- _What you have to do_: Reproduce the lines below exactly. Skip images.
Supplied material Block Start
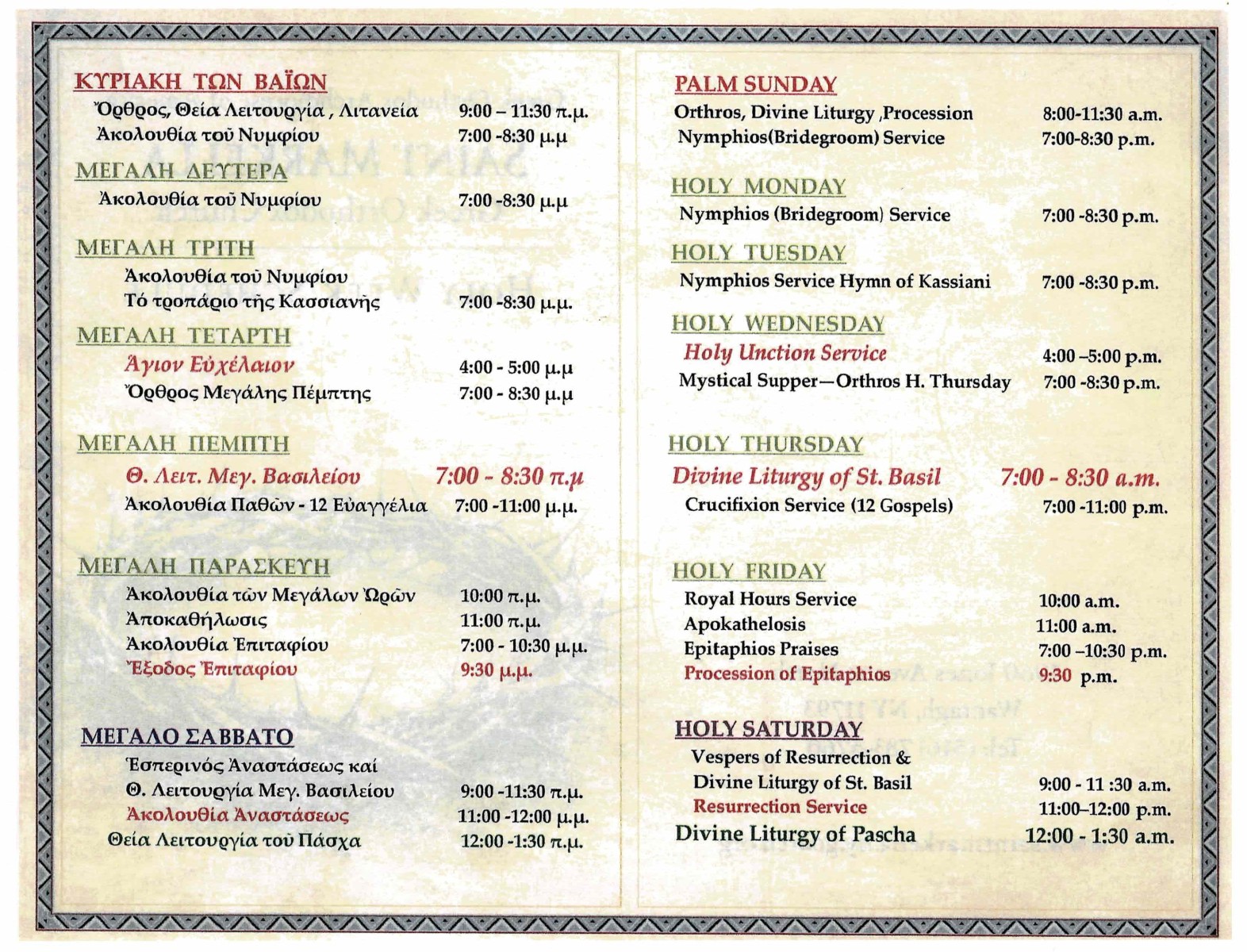 Sundays: Orthros: 9 AM; Divine Liturgy: 10:15 AM - 11:30 AM
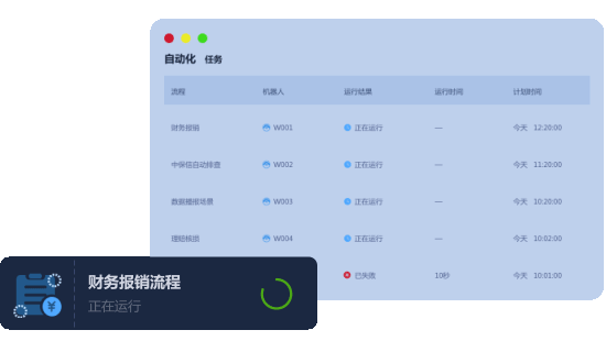 无需人工干预,后台机器人可通过定时任务或事件触发运行流程,可7*24小时自动化调度工作,可以完美地取代人力的投入,高效完成重复且有逻辑性的工作。
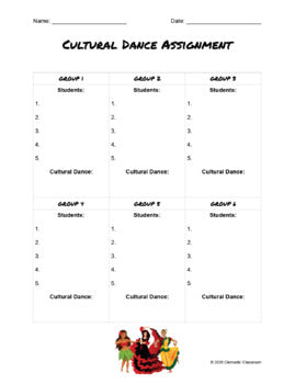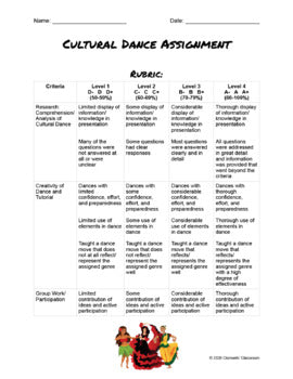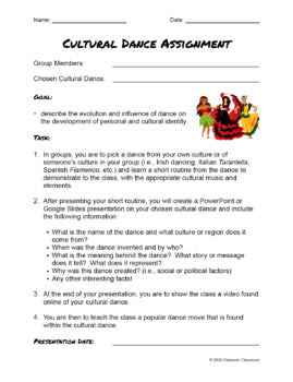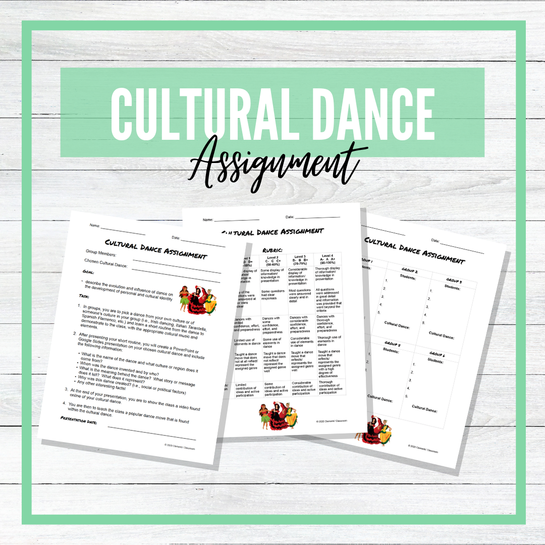 This Cultural Dance Assignment teaches students to appreciate diverse cultures through dance, as well as teaches them about the evolution and influence of dance on the development of personal and cultural identity.
Supplied material Block End
- _Response area_:
 Sundays: Orthros: 9 AM; Divine Liturgy: 10:15 AM - 11:30 AM
 无需人工干预,后台机器人可通过定时任务或事件触发运行流程,可7*24小时自动化调度工作,可以完美地取代人力的投入,高效完成重复且有逻辑性的工作。
 This Cultural Dance Assignment teaches students to appreciate diverse cultures through dance, as well as teaches them about the evolution and influence of dance on the development of personal and cultural identity.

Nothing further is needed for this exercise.